** Entries supplied follows **
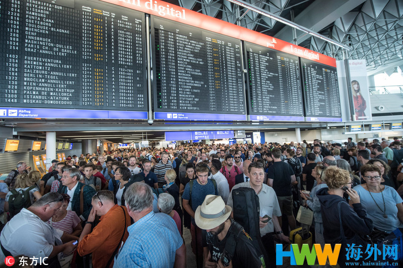 当地时间2018年8月7日,德国法兰克福,法兰克福机场发出安全警报。据报道,因至少有1名不明身份的人士未经安检即进入机场安全区,德国警方对法兰克福机场1号航站楼内的人员进行了紧急疏散。
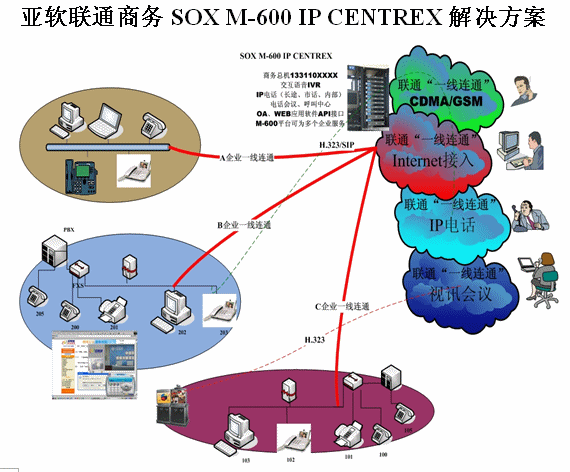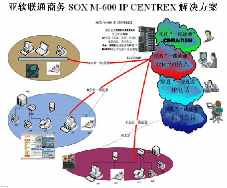 亞軟SOX融合通信解決方案也叫聯(lián)通商務解決方案,該方案是基于軟交換的可為多個集團用戶提供IP語音解決方案。SOX融合通信解決方案為集群用戶提供了區(qū)別于傳統(tǒng)集團內(nèi)部、外部的通信方式,集團無需再購置PBX及為其支付維護費用。由于SOX融合通信解決方案是置于IDC托管中心并基于IP軟交換技術(shù),所以沒有地域限制,具有集群性、可移動性等IP通信特征。
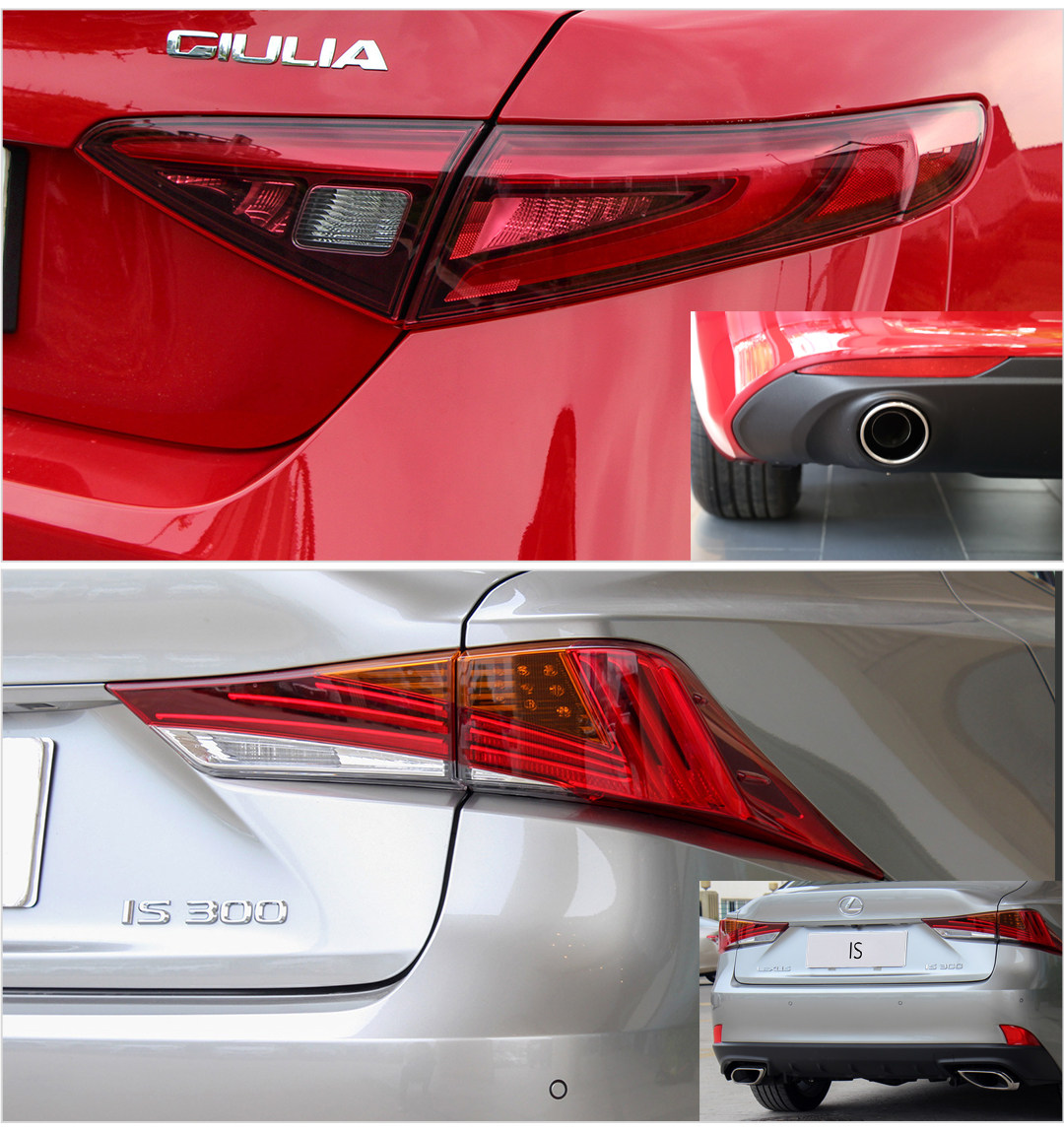 车尾部分,两款车的尾灯造型都足够独特,IS的尾灯更具视觉冲击力,尖锐的L型LED示宽灯,而且是双边共双出排气,而Giulia只有单出排气,气势上稍弱一筹。
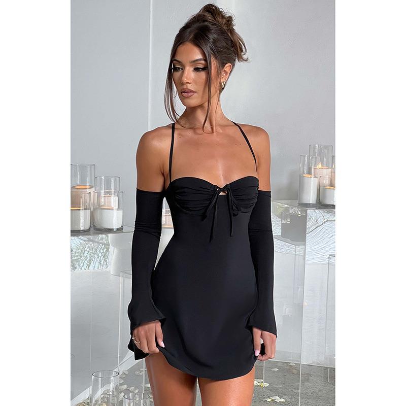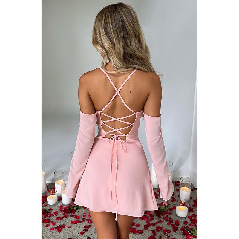 | nameOriginal | YJ23359 summer new sexy hot girl slim halter strap oversleeve backless strap A- line dress women |
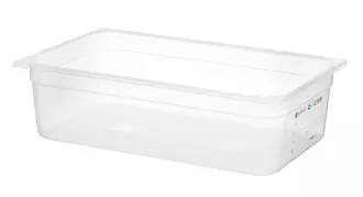 GN 1/1 Kontejner HACCP s hloubkou 15 cm z průhledného polypropylenu.  Vlisovaný štítek pro sledování procesu skladování. Nepohlcuje pachyóa příchutěóa.
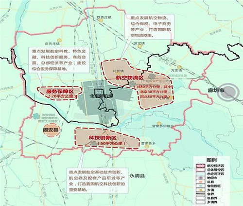 根據(jù)國(guó)家發(fā)展和改革委員會(huì)印發(fā)的《北京新機(jī)場(chǎng)臨空經(jīng)濟(jì)區(qū)規(guī)劃(2016-2020年)》初步規(guī)劃,臨空經(jīng)濟(jì)區(qū)總面積約150平方公里,其中河北部分約100平方公里,北京部分約50平方公里。
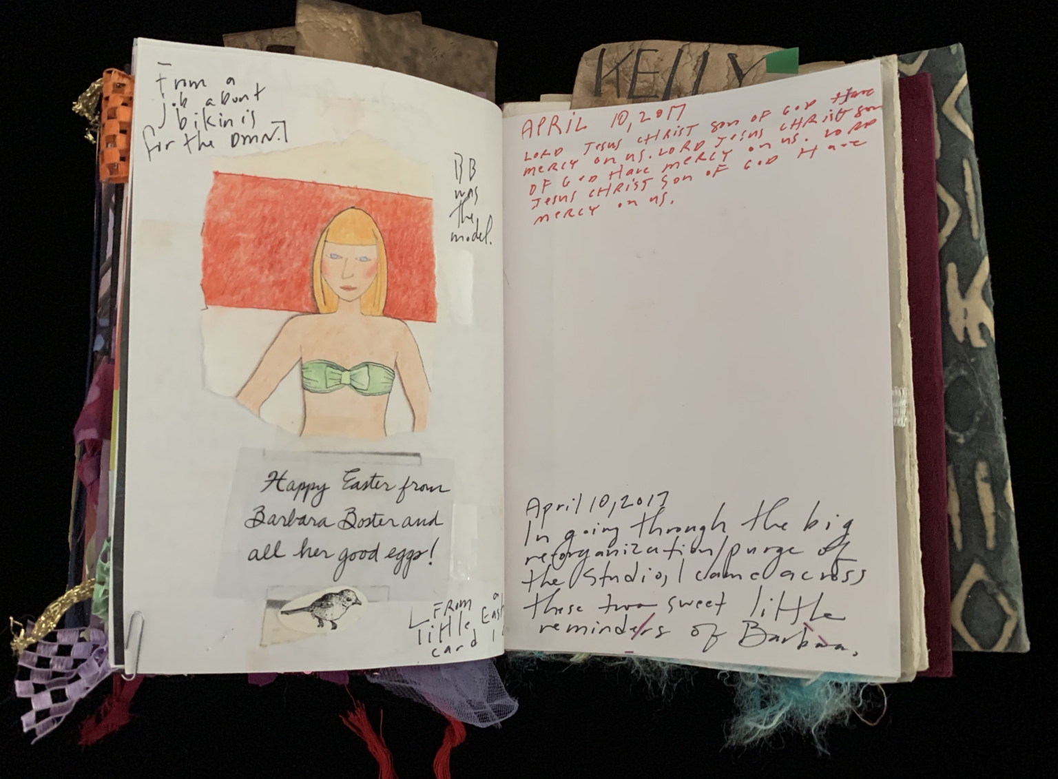 - The page is part of a scrapbook. On the left side, there is a drawing of a woman with blonde hair, wearing a green bikini top. Below the drawing, there is a handwritten note that reads, "Happy Easter from Barbara Docter and all her good eggs!" On the right side, there is a date entry in red ink that reads, "April 10, 2017," followed by a handwritten note that says, "April 10, 2017, In going through the big reorganization/purge of the Studio I came across these two sweet little reminders of Barbara." The page is decorated with various materials, including fabric and tassels, giving it a handmade, personal appearance.
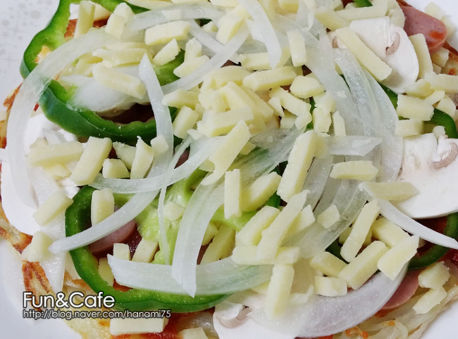 나름 ?피자느낌 내려고 초록색 피망을 준비했는데 ?알록달록 파프리카도 좋을것 같아여~
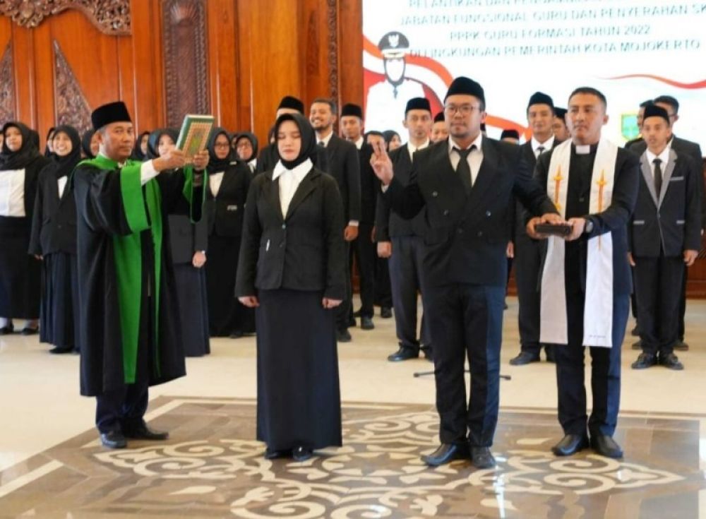 KOTA MOJOKERTO | B-news.id - Wali Kota Mojokerto Ika Puspitasari melantik 90 pejabat Fungsional ASN guru di ruang Mandala Madya Balai Kota Mojokerto, Selasa (18/7) siang. Bertepatan dengan acara pelantikan tersebut diserahkan 129 petikan keputusan pengangkatan calon Pegawai Pemerintah dengan Perjanjian Kerja (P3K) guru.
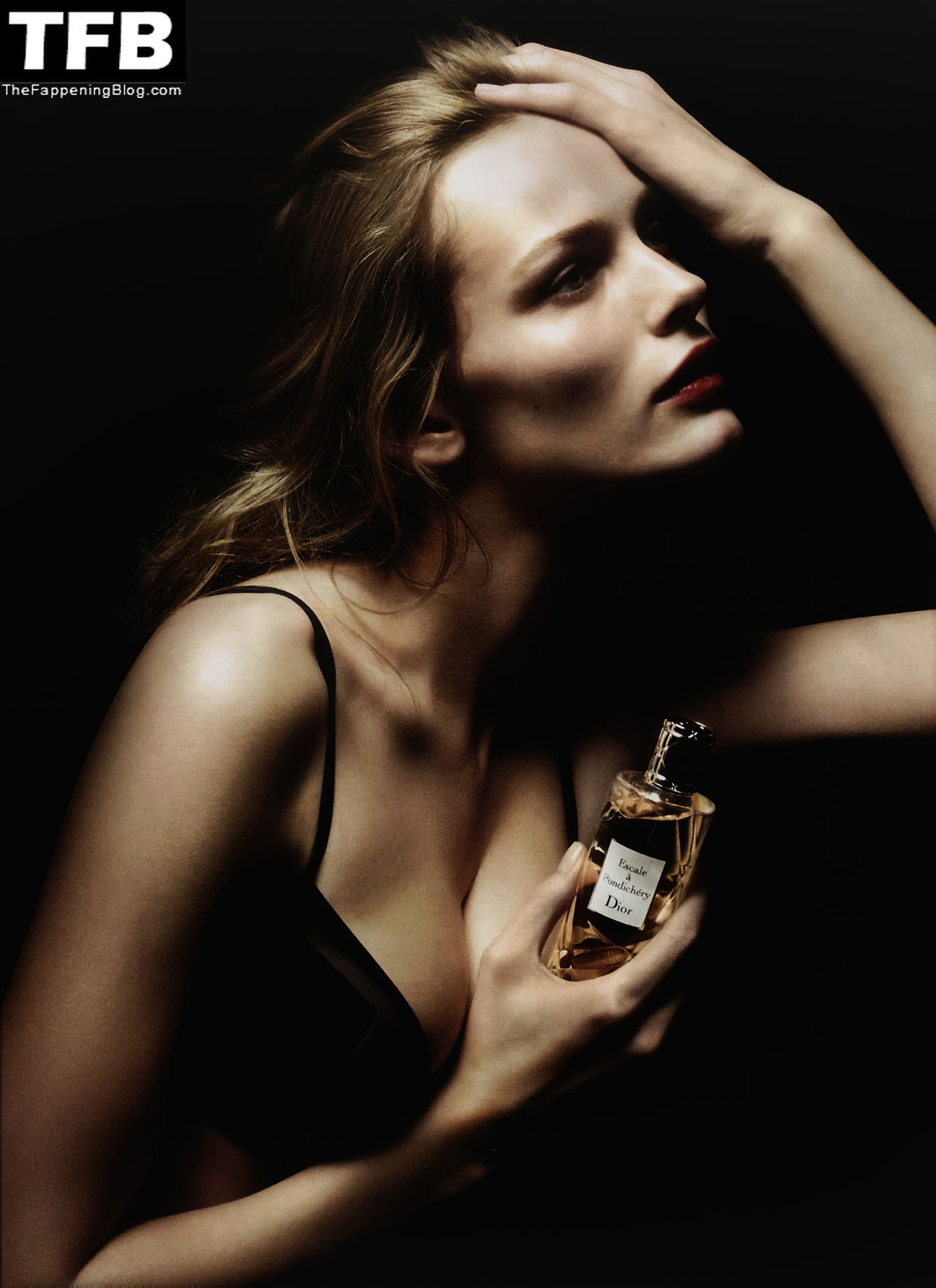 La supermodella lituana Edita Vilkevičiūtė mostra i suoi seni nudi posando in un servizio fotografico per la rivista Numéro (2009).
** End of Entries supplied **
→ **What is being asked**:
What is needed is a word-for-word copy of the lines from the start of the data to the line with "亞軟SOX融合通信解決方案也", inclusive, with no pictures in it.

→ **Output**:
 当地时间2018年8月7日,德国法兰克福,法兰克福机场发出安全警报。据报道,因至少有1名不明身份的人士未经安检即进入机场安全区,德国警方对法兰克福机场1号航站楼内的人员进行了紧急疏散。
 亞軟SOX融合通信解決方案也叫聯(lián)通商務解決方案,該方案是基于軟交換的可為多個集團用戶提供IP語音解決方案。SOX融合通信解決方案為集群用戶提供了區(qū)別于傳統(tǒng)集團內(nèi)部、外部的通信方式,集團無需再購置PBX及為其支付維護費用。由于SOX融合通信解決方案是置于IDC托管中心并基于IP軟交換技術(shù),所以沒有地域限制,具有集群性、可移動性等IP通信特征。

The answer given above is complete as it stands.